Night-time street photography

The weather last week hasn’t been great. A layer of grey, light-robbing clouds has been lying over the city nearly every day. Barely finding time to photograph anyway, this didn’t exactly motivate me to go outside. So what could I do? Well, at night it doesn’t really matter if it’s overcast or not. You get light from so many lanterns, storefronts and cars that it’s actually surprising how bright a city is at night.

Photographing at night is a wonderful thing. The light is so different from the sunlight during the day and you have other people walking around. So last week I grabbed my camera around blue hour and went for an hour-long walk through the city. I’ve been photographing at night before but that was mainly last summer. Over the winter however I kind of forgot how many great opportunities present themselves at night.

 

One shot I especially liked was this one.

It was a night club that has a window towards the street. I’ve passed it many times without noticing it during the day but with that red light and the reflections in the window, it instantly caught my eye. A situation that would have never crossed me during the day.

 

 

Think like a moth

 

Even an image with nothing besides people just being lit by artificial light looks beautiful. They don’t necessarily have to do something interesting.

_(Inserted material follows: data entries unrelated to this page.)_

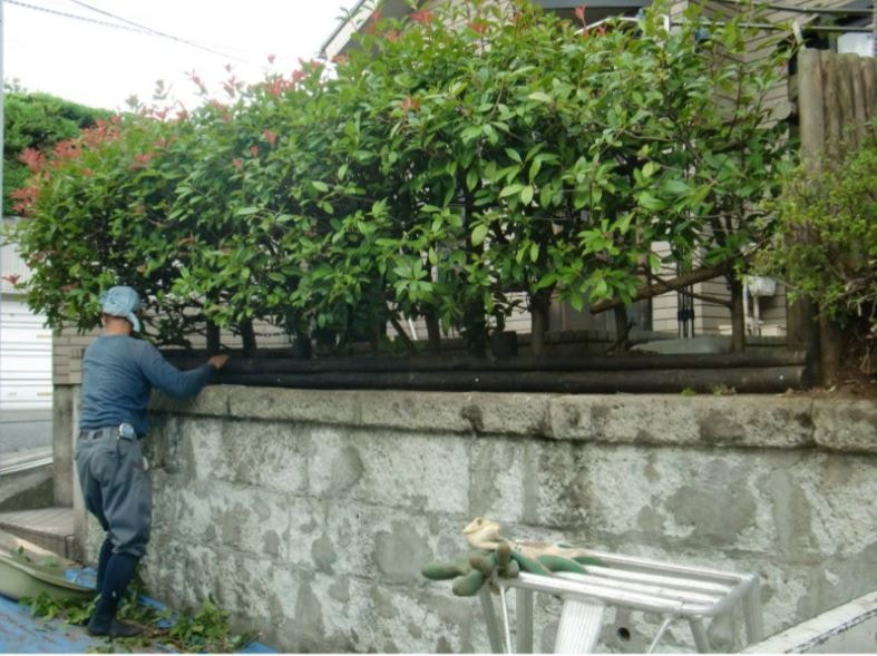 こちらは、除草と土留め修復のご依頼です。土留めとは高低差のある場所で、土が崩れてこないよう止めることを言います。台風時の水の流れを止めるのにも役立ちます。
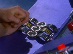 Kimberly had been swept into a time hole, which transported her to the past - western Angel Grove. At the Command Center, her friends tried to figure out a way to bring her back to present time. After awhile, Billy tells Tommy, I think I've figured out a way to bring Kimberly back to the present, but I'm going to need three communicators. Without hesitation, the rest gave Billy their communicators and Billy gets to work. Soon Zordon informs them that the blast only knock the cactus plant into the present. You need to confront him. Billy points out that he is not finished with the communicators. Tommy suggests that he and Rocky go. We'll see you as soon as you can. Tommy and Rocky morph and teleport out. Unfortunately it is not enough and soon Zordon informs them that the Red Ranger and the White Ranger are in trouble. You need to join them now. Billy tells Aisha and Adam, this will have to wait. Aisha, Billy, and Adam morph and teleport out. A battle follows and eventually Needlenose is destroyed by Mega Thunderzord. Afterwards, back at the Command Center, Zordon congratulates Aisha, Adam, Tommy, Rocky, and Billy. You have saved the world again. Tommy remarks, we may have saved the world, but we lost Kimberly. Aisha tells Billy, we got to get her back. Billy tells his friends he has adapted the communicators to enhance and accelerate the teleporting mechanism, and create a time hole. But I have to warn you, we can only try this once and if it fails.....Tommy adds, Kimberly is trapped in the past forever. Billy tells them where the time hole should appear and gets to work. A time hole appears and within moments, Kimberly is walking through it. Kimberly gives Tommy a big hug and tells her friends, I knew you guys would rescue me. Everyone is very happy.
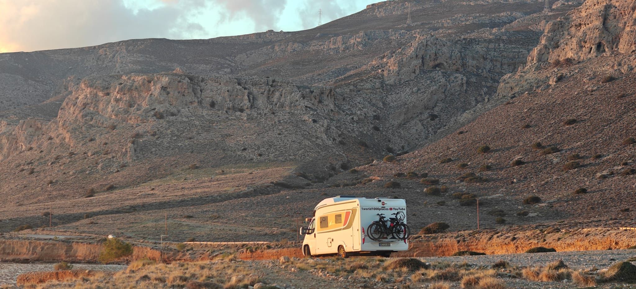 Also hieß es gegen Mittag alles sichern und los geht es. Die Fahrt am Berg entlang ist traumhaft schön und macht richtig viel Spaß. Den Stellplatz sehen wir schon von weitem und können auf einfachen und schnellen Weg die richtige Position beziehen. OK der Platz ist wirklich schief und schräg, aber wir finden einen Platz der richtig ok ist....der Kühlschrank wird wohl funktionieren was wir dann später merken werden. Wir stehen in Goudouras auf einer Klippe an einem tollen Sandstrand und einer Dusche....was will ein Camper mehr. Heute ist es wirklich windig und wir verziehen uns in den Wagen....der späte Nachmittag wird mit einem grandiosen Sonnenuntergang eingeläutet und wir wissen wieder...alles richtig gemacht
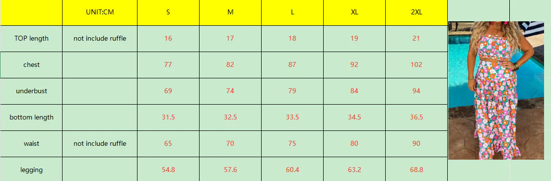 SKIRT: Features a stretchy matching swim fabric top part with a flowy chiffon bottom with ruffle trim! Skirts come paired with swim sets in the following sizes:
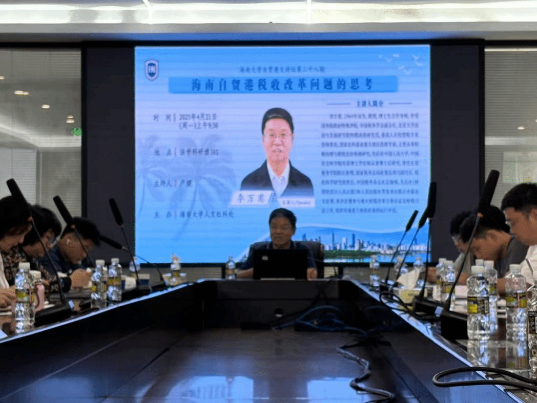 2025年4月21日上午,太阳成集团tyc自贸港大讲坛第二十八讲在法学科研中心大楼301会议室开讲,特邀李万甫教授作题为“海南自贸港税收改革问题的思考”的专题讲座。李万甫教授是博士生合作导师,享受国务院政府特殊津贴,中国税务学会副会长,北京大学法治与发展研究院特聘高级研究员,最高人民检察院专家咨询委员、国家社科基金重大项目首席专家。此次讲座由太阳成集团tyc人文社科处主办,太阳成集团tyc人文社科处副处长、太阳成集团tyc国际商公司博士生导师卢媛副教授主持。
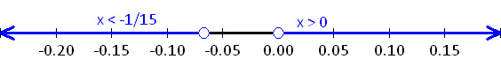The statement is true for x  = -0.1 and = 0.05.Therefore the solution is  x  < -1/15 and x  >0.
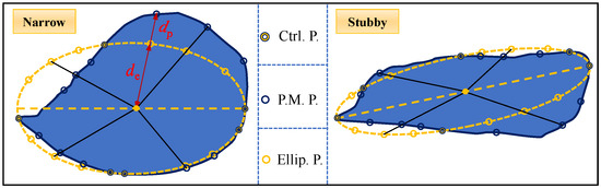 First, we need to obtain the elliptic function that is most similar to the granular material; by mapping the set of points on the two-dimensional plane, the points on the perimeter of the granular material can be mapped one by one to the smallest wrapped ellipse of the granular material via the elliptic wrapping method. Two typical types of particle shapes, narrow and stubby, are selected, and the elliptic wrapping method is utilized for the point mapping process. As shown in Figure 3, the Ctrl. P. is the point where the ellipse intersects with the particle, and P.M. P. and Ellip. P. are the points on the corresponding contours of the particle contour and the ellipse contour after discretizing the particle contour and the ellipse contour by the angular homogenization method by n parts, respectively (the value of n is taken to be 4 in the figure for the sake of visual presentation). The ratio of the connecting lines between the geometric center of the particles and the points on the two contours is used as a parameter for the degree of similarity between the two. The degree of similarity is affected by the lengths of the connecting lines, de and dp, and the more discrete the particles are when they are evenly divided, the more representative the similarity parameter is. The similarity parameter λ can be calculated via the magnitude relationship between de and dp, as shown in Equation (3).

An important thing to find opportunities for good images I think, is to always stay close to some source of light – almost like a moth. With a large aperture you’ll find more than enough light for your images to be properly exposed. At night I usually don’t go below f/2 or otherwise you have to raise your ISO too high. A fast prime lens such as a 35mm, f/1.8 isn’t too expensive, so if you’re planning to go out at night more often it might be worth getting one. Another plus you get from a large aperture is the bokeh which looks beautiful when you have lights in the background.

 

 

Night-time favourites

 

Lately I’ve been drawn to shooting through windows of cafe’s, food joints or small shops during the day. At night this becomes even more beautiful. You’ll get reflections on the windows you’re shooting through, combined with the artificial light from the inside. Many shots taken like this automatically get a cinematic feeling and a certain atmosphere which is hard to get during the day. Windows almost like a soft and subtle filter lying over your image and giving it that extra bit without exaggerating like actual filters these days.

 

 

 

Of course – Silhouettes

 

I’m a big fan of silhouettes. When done right their outline gives them some character without telling too much about the person. This way they often show enough to tell a story but there’s always some mystery involved.

Shooting at night is a paradise for silhouettes as everything is basically covered in a huge shadow. Just find a bright background and wait for someone to walk by and voilà.

 

 

 

Lastly some tips

 

I’ve mentioned the camera settings but apart from that another important factor to consider is safety. Depending on where you go, you should be a lot more careful than during the day. Don’t try to obviously sneak up to people as they might feel threatened. Only get close if you have a silent shutter. Often you can’t exactly make out the people your photographing and don’t know how they’re going to react when the notice you.

Also important is to stay aware of your surroundings. Always know who and what’s behind you and what’s coming from the side. While you’re taking an image you’re in a pretty weak and defenceless position. I’ve had someone attempt to steal my camera before, while it was on a tripod and it ultimately broke when I was chasing the guy to get it back. So paying attention to what’s going on around you is a must when outside at night.

But if you use common sense and are a bit more careful than during the day, it’s wonderful to go out and shoot when it’s dark.